Seberapa jauh jumlah dan pengaruh informasi negatif berada di sekitar kita memang perlu
penelitian akurat, misalnya jumlah dan pengaruh adegan-adegan film lewat TV. Pernah pada
tahun 1993, Data Informasi Anak – Yayasan Kesejahteraan Anak Indonesia (DIA-YKAI)
bekerja sama dengan Litbang Departemen Penerangan melakukan penelitian terhadap filmfilm yang ditujukan untuk anak-anak, dan yang ditayangkan oleh 4 stasiun televisi (TVRI,
TVRI Program 2, RCTI dan TPI). Hasilnya a.l. :
1. Dari 195 episode film yang diteliti, ternyata jumlah adegan yang bersifat “anti-sosial”

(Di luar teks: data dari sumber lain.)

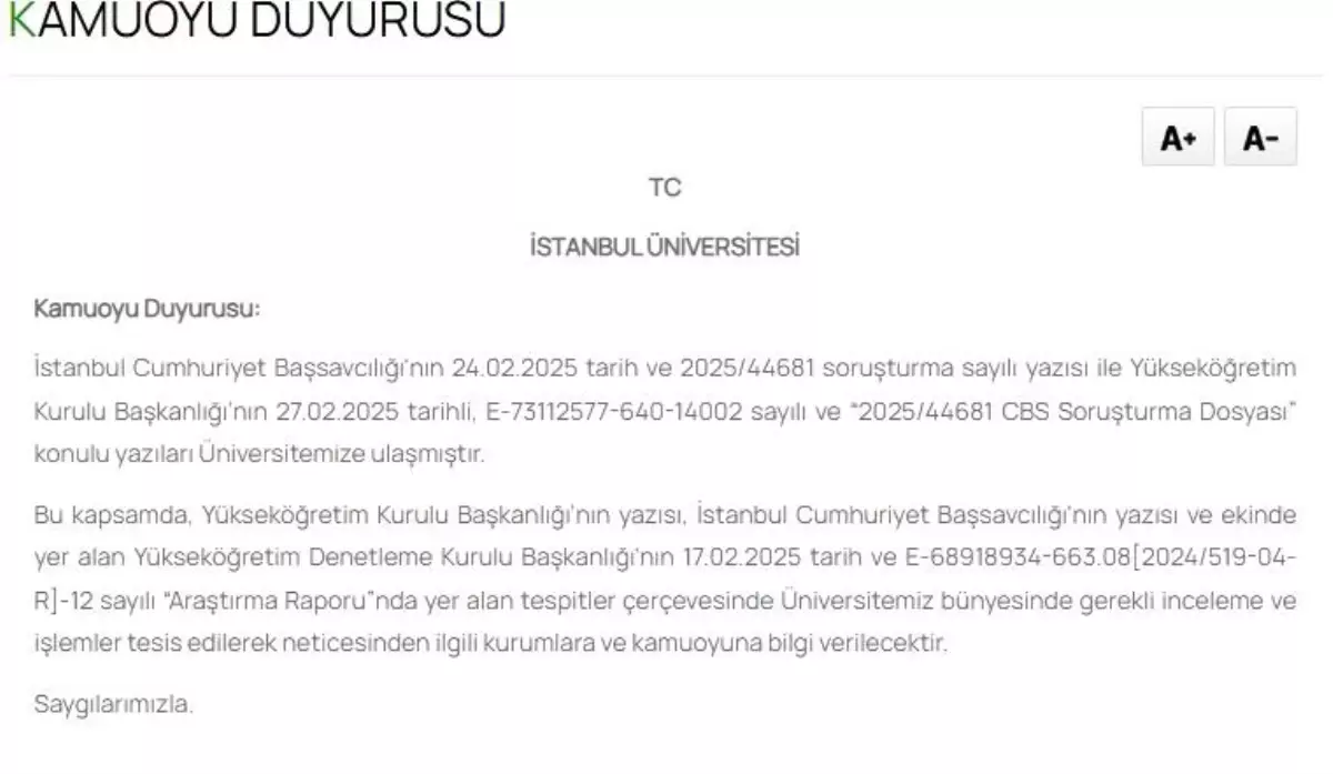 İstanbul Cumhuriyet Başsavcılığı, İstanbul Büyükşehir Belediye (İBB) Başkanı Ekrem İmamoğlu’nun lisans diplomasının sahte olduğuna ilişkin ihbarlar ve Yükseköğretim Kurulunca hazırlanan raporda diplomasının sahteliğine ilişkin tespitler üzerine, “resmi belgede sahtecilik” suçundan soruşturma başlatmıştı. İstanbul Üniversitesi, İBB Başkanı İmamoğlu’nun üniversite diplomasının sahte olduğu iddiasına ilişkin yapılan açıklamada, “İstanbul Cumhuriyet Başsavcılığının 24 Şubat 2025 tarih ve 2025/44681 soruşturma sayılı yazısı ile Yükseköğretim Kurulu Başkanlığının 27 Şubat 2025 tarihli ‘Soruşturma Dosyası’ konulu yazıları üniversitemize ulaşmıştır. Bu kapsamda, Yükseköğretim Kurulu Başkanlığının yazısı, İstanbul Cumhuriyet Başsavcılığının yazısı ve ekinde yer alan Yükseköğretim Denetleme Kurulu Başkanlığının 17 Şubat 2025 tarihli ‘Araştırma Raporu’nda yer alan tespitler çerçevesinde üniversitemiz bünyesinde gerekli inceleme ve işlemler tesis edilerek, neticesinden ilgili kurumlara ve kamuoyuna bilgi verilecektir” ifadelerine yer verildi. – İSTANBUL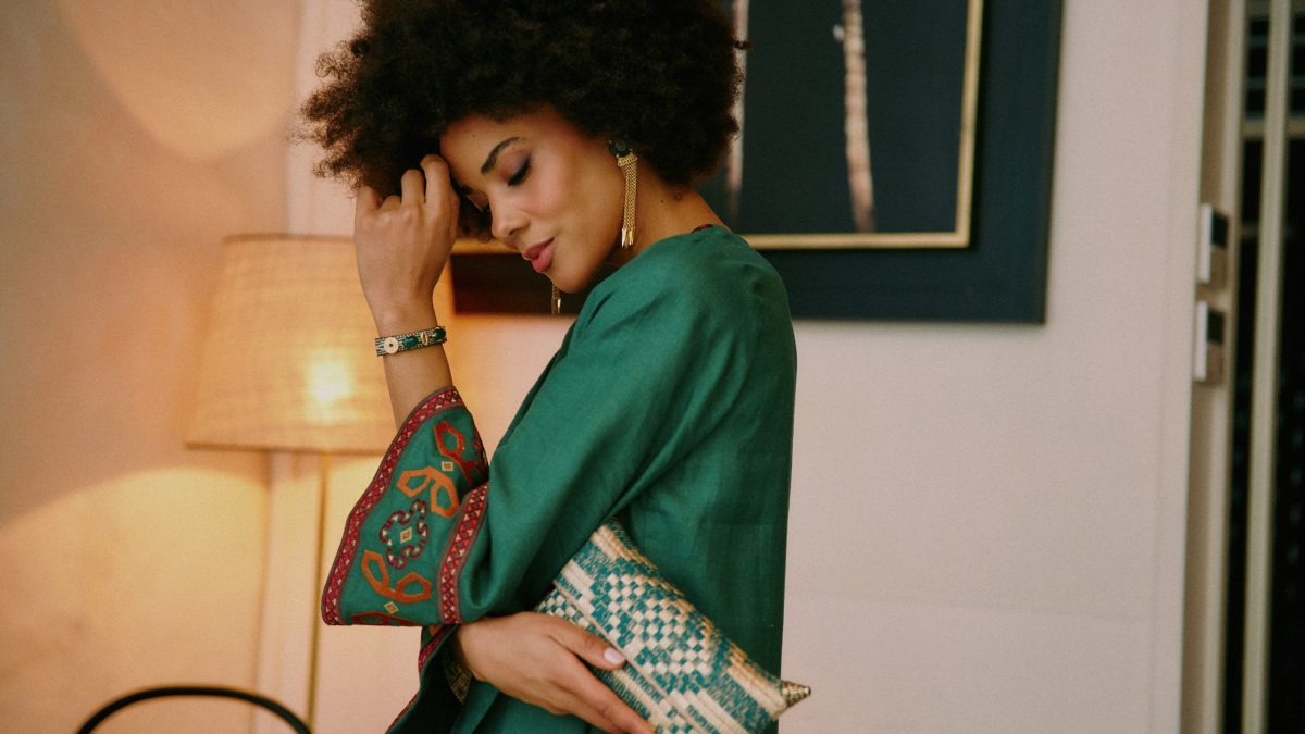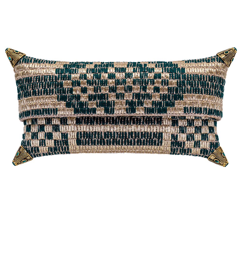 The Dorian clutch, in this version, combines rich emerald green with luminous gold tones in an intricate checker-inspired pattern. Handmade in Portugal out of 100% jute, it is embellished by brass corners of middle eastern inspiration, studded with 6mm green agate stones. Lined with taupe colored suede. Comes in its own dust bag.

(ada 2063 adegan) lebih banyak daripada yang bersifat “prososial” (ada 1904
adegan);
2. Dari 4 stasiun TV yang diteliti, 3 stasiun (yaitu TVRI Program 2, RCTI dan TPI)
menyajikan film untuk anak yang isinya lebih banyak bersifat antisosial (walaupun
selisihnya tidak begitu banyak, yaitu sekitar 1 % lebih banyak dibandingkan adegan
yang “prososial”).

3. Film-film untuk anak yang paling banyak mengandung adegan “antisosial”nya ialah
film yang berasal dari Amerika Serikat (yaitu 11,37 % bersifat antisosial, dan 9,60 %
bersifat prososial).
Pernah pula seorang Dosen wanita dari Surabaya yang mengambil program S2 di UI Jakarta,
dalam thesisnya (mengenai tindak pidana pornografi) menyajikan data penelitian, bahwa
acara-acara yang disajikan lewat stasiun TV (TVRI, TPI, dan SCTV) sebagian besar (85 %)
dinilai “tidak sopan/tidak susila” menurut pandangan masyarakat tempat lokasi penelitian
dilakukan (Bangkalan, Madura).
Menghadapi era informasi yang demikian itu, jelas diperlukan peningkatan kematangan
kejiwaan/rohaniah, kematangan emosional dan kematangan “pengendalian diri” sebagai
penangkal utamanya. Di sinilah arti pentingnya peranan nilai-nilai keagamaan dalam kehidupan modern, terutama lewat pemusatan pengendalian diri di bulan puasa Ramadhan.
Marilah kita jadikan bulan Ramadhan ini sebagai sarana proses pemadatan dan peningkatan
kembali energi kematangan kejiwaan/ rohani (kematangan iman dan taqwa), di samping
kematangan ilmu dan kematangan sosial/amal, sebagaimana tersimpul dari tuntunan AlQur’an surat Al Fathir: 29.